• [Exercise goal]
Could you transcribe exactly the lines below, from the line with "78㎡-3房2厅1卫,设计的" through the line with "one person, female", and nothing else, leaving out the pictures?

• [Extracted material]
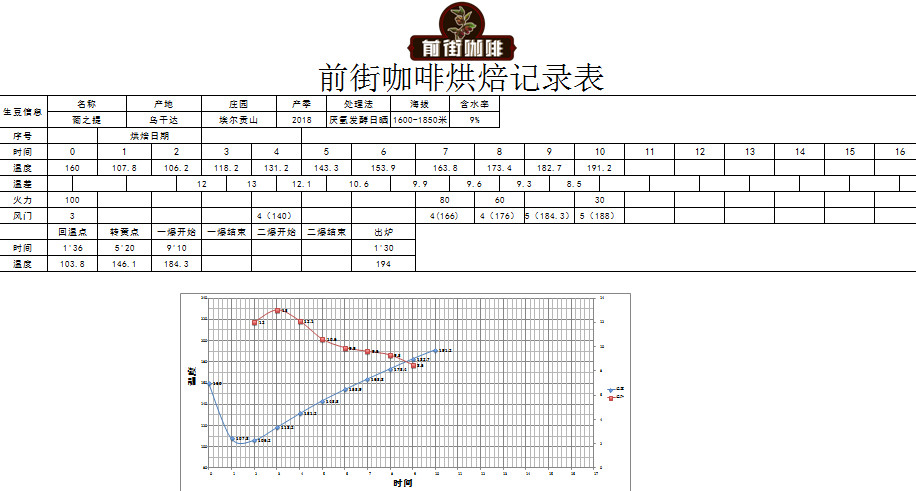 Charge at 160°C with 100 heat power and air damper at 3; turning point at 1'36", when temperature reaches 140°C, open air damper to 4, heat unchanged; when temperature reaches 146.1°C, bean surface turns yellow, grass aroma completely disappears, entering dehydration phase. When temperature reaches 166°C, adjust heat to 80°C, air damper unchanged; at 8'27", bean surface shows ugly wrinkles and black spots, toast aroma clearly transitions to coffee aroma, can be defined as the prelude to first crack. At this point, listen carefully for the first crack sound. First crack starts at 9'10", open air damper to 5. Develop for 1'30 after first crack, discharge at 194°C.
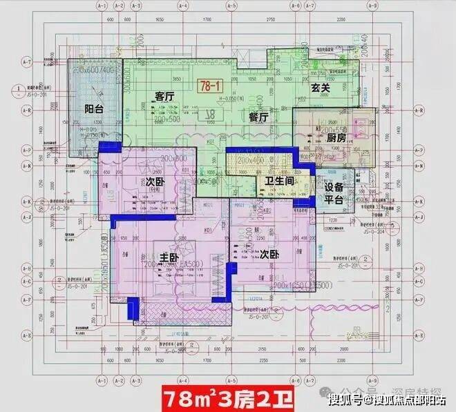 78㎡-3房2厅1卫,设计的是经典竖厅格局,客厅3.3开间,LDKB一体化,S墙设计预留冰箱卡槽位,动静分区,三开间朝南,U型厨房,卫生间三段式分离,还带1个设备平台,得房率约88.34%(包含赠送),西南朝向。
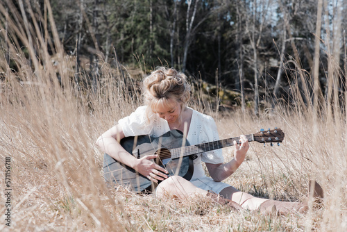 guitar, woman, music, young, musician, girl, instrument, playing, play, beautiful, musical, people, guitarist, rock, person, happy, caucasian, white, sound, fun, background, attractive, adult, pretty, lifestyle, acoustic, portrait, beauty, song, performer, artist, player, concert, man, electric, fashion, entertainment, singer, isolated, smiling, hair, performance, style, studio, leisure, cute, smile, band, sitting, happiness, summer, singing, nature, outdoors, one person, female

...

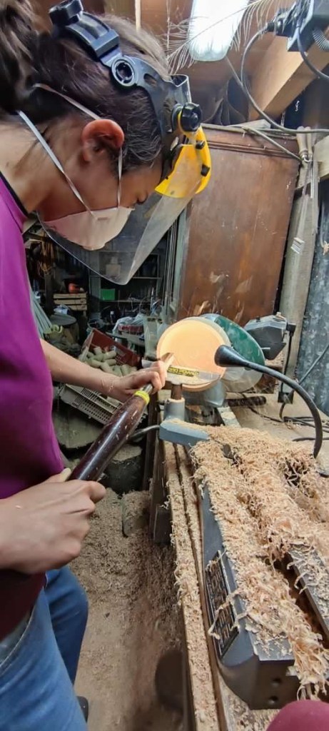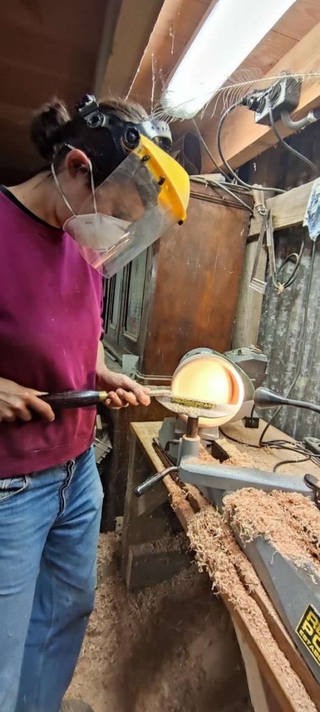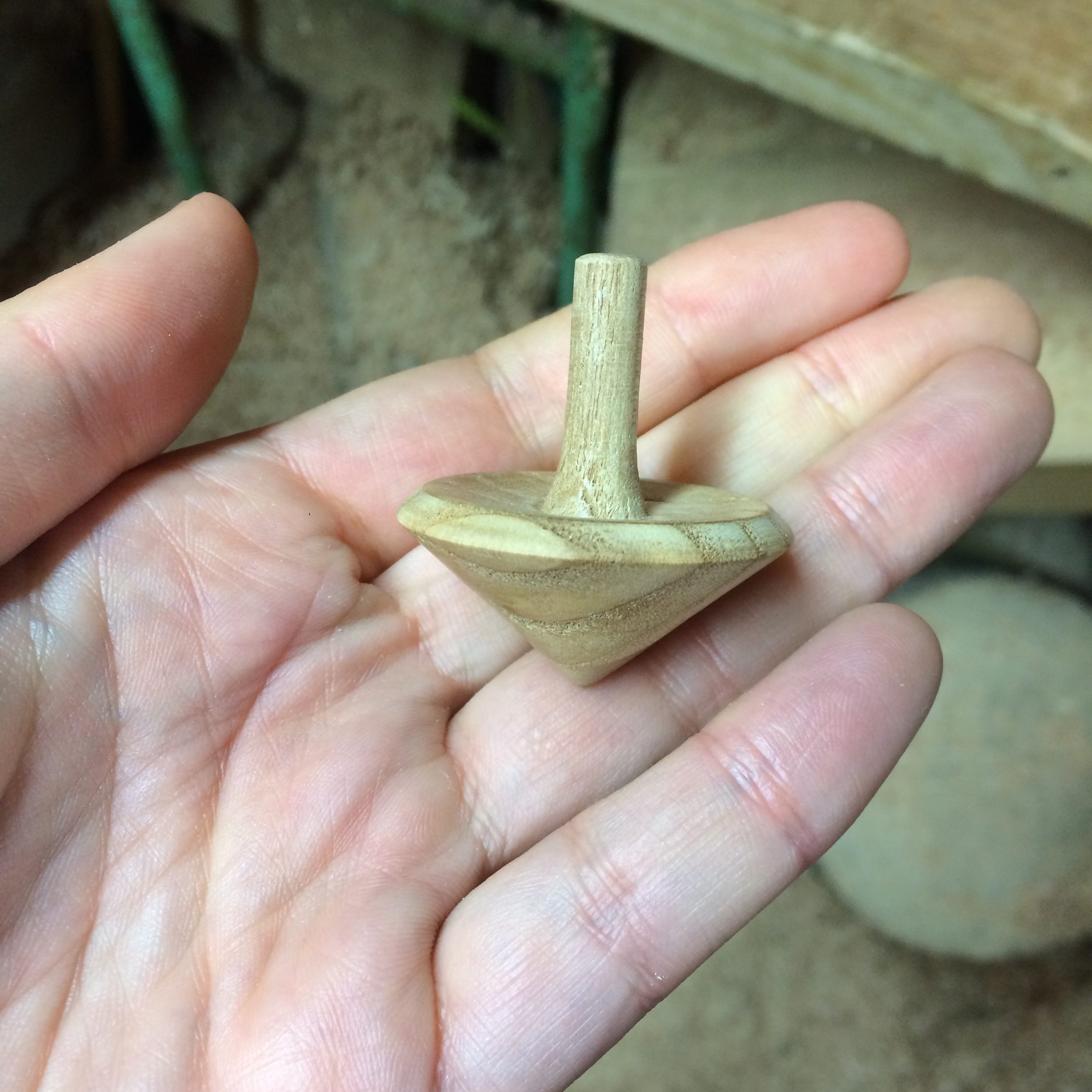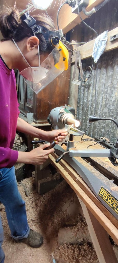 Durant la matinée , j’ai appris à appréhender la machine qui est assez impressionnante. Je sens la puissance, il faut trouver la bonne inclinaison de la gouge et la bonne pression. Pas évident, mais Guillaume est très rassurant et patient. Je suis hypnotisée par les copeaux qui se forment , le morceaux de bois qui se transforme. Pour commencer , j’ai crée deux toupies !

• [Answer section]
 78㎡-3房2厅1卫,设计的是经典竖厅格局,客厅3.3开间,LDKB一体化,S墙设计预留冰箱卡槽位,动静分区,三开间朝南,U型厨房,卫生间三段式分离,还带1个设备平台,得房率约88.34%(包含赠送),西南朝向。
 guitar, woman, music, young, musician, girl, instrument, playing, play, beautiful, musical, people, guitarist, rock, person, happy, caucasian, white, sound, fun, background, attractive, adult, pretty, lifestyle, acoustic, portrait, beauty, song, performer, artist, player, concert, man, electric, fashion, entertainment, singer, isolated, smiling, hair, performance, style, studio, leisure, cute, smile, band, sitting, happiness, summer, singing, nature, outdoors, one person, female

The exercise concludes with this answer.